How many extra observation rows should be created in the data frame for each group or individual per model. If used then the points are placed evenly between model_minxt and model_maxxt. This option is used by plot_model_prediction to simulate the response of the model on a finer grid then the defined design. If NULL then only the input design is used. Can be a single value or a vector the same length as the number of models.

groupsize_sim

How many individuals per group should be simulated when DV=TRUE or IPRED=TRUE to create prediction intervals?

separate.groups

Should there be separate plots for each group.

sample.times

Should sample times be shown on the plots.

sample.times.IPRED

Should sample times be shown based on the IPRED y-values.

sample.times.DV

Should sample times be shown based on the DV y-values.

PRED

Should a PRED line be drawn.

IPRED

Should we simulate individual predictions?

IPRED.lines

Should IPRED lines be drawn?

IPRED.lines.pctls

Should lines be drawn at the chosen percentiles of the IPRED values?

alpha.IPRED.lines

What should the transparency for the IPRED.lines be?

alpha.IPRED

What should the transparency of the IPRED CI?

sample.times.size

What should the size of the sample.times be?

DV

should we simulate observations?

alpha.DV

What should the transparency of the DV CI?

DV.lines

Should DV lines be drawn?

DV.points

Should DV points be drawn?

alpha.DV.lines

What should the transparency for the DV.lines be?

alpha.DV.points

What should the transparency for the DV.points be?

sample.times.DV.points

TRUE or FALSE.

sample.times.DV.lines

TRUE or FALSE.

alpha.sample.times.DV.points

What should the transparency for the sample.times.DV.points be?
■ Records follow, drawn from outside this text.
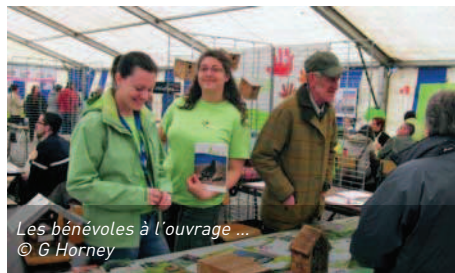
Les bénévoles à l'ouvrage ...

ESM participe pour la seconde fois au carrefour des générations organisé à Philippeville.
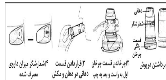
شکل ۵- نحوه استفاده از توربوهاالر دارویی (سیمیگورت، پالمیگورت، اکسیس)
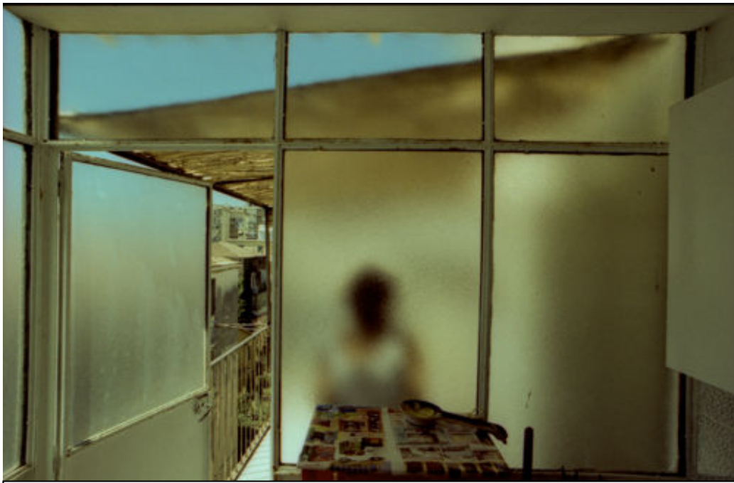
Interno 17
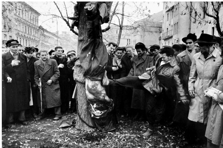
Povstalci pověsili člena vládnoucí strany hlavou dolů.

Tento manifest opravdu nepochází od neziskové organizace Milion chviliek, nepochází ani od Greta Thunberg, přestože v posledním bodě manifestu se hovoří o parlamentu mládeže, kde mladí a mnohdy nezletilí lidé chtějí řídit Maďarsko. Odstraňování pomníků uvedené v manifestu, přezkumy koncesí a povolení Rusům, jestli smí těžit uran. Snaha prodávat uran na světových trzích za tvrdou měnu. Tak mladí studenti a už tak chytří, že je zajímá těžba uranu a prodeje na světových trzích za tvrdé měny? Požadavek mladých, aby premiérem byl bývalý a jediný neetnický židovský člen Rákosiho vlády Imre Nagy. To nevymyslíš! Maďarští studenti s tímto požadavkem vyšli do ulic a když se ukázalo, že jejich požadavky strana nesplní, začalo násilí a povstání. Imre Nagy uchopil s pomocí ozbrojené ulice moc a je znovu premiérem. Ve funkci bude od 24. října do 4. listopadu 1956.

alpha.sample.times.DV.lines

What should the transparency for the sample.times.DV.lines be?

y_lab

The label of the y-axis.

facet_scales

Can be "free", "fixed", "free_x" or "free_y"

facet_label_names

TRUE or FALSE

model.names

A vector of names of the response model/s (the length of the vector should be equal to the number of response models). It is Null by default.

DV.mean.sd

Plot the mean and standard deviation of simulated observations.

PI

Plot prediction intervals for the expected data given the model. Predictions are based on first-order approximations to the model variance and a normality assumption of that variance. As such these computations are more approximate than using DV=T and groupsize_sim = some large number.

PI_alpha

The transparency of the PI.

...

Additional arguments passed to the model_prediction function.

Value

A ggplot object. If you would like to further edit this plot don't forget to load the ggplot2 library using library(ggplot2).

Examples

## Warfarin example from software comparison in:
## Nyberg et al., "Methods and software tools for design evaluation 
##   for population pharmacokinetics-pharmacodynamics studies", 
##   Br. J. Clin. Pharm., 2014. 

library(PopED)

## find the parameters that are needed to define from the structural model
ff.PK.1.comp.oral.md.CL
#> function (model_switch, xt, parameters, poped.db) 
#> {
#>     with(as.list(parameters), {
#>         y = xt
#>         N = floor(xt/TAU) + 1
#>         y = (DOSE * Favail/V) * (KA/(KA - CL/V)) * (exp(-CL/V * 
#>             (xt - (N - 1) * TAU)) * (1 - exp(-N * CL/V * TAU))/(1 - 
#>             exp(-CL/V * TAU)) - exp(-KA * (xt - (N - 1) * TAU)) * 
#>             (1 - exp(-N * KA * TAU))/(1 - exp(-KA * TAU)))
#>         return(list(y = y, poped.db = poped.db))
#>     })
#> }
#> <bytecode: 0x564e4b3655b8>
#> <environment: namespace:PopED>

## -- parameter definition function 
## -- names match parameters in function ff
sfg <- function(x,a,bpop,b,bocc){
  parameters=c(CL=bpop[1]*exp(b[1]),
               V=bpop[2]*exp(b[2]),
               KA=bpop[3]*exp(b[3]),
               Favail=bpop[4],
               DOSE=a[1])
    return(parameters) 
}

## -- Define initial design  and design space
poped.db <- create.poped.database(
  ff_fun=ff.PK.1.comp.oral.sd.CL,
  fg_fun=sfg,
  fError_fun=feps.prop,
  bpop=c(CL=0.15, V=8, KA=1.0, Favail=1), 
  notfixed_bpop=c(1,1,1,0),
  d=c(CL=0.07, V=0.02, KA=0.6), 
  sigma=0.01,
  groupsize=32,
  xt=c( 0.5,1,2,6,24,36,72,120),
  minxt=0,
  maxxt=120,
  a=70)

##  create plot of model without variability 
plot_model_prediction(poped.db)


##  create plot of model with variability by simulating from OMEGA and SIGMA
plot_model_prediction(poped.db,IPRED=TRUE,DV=TRUE)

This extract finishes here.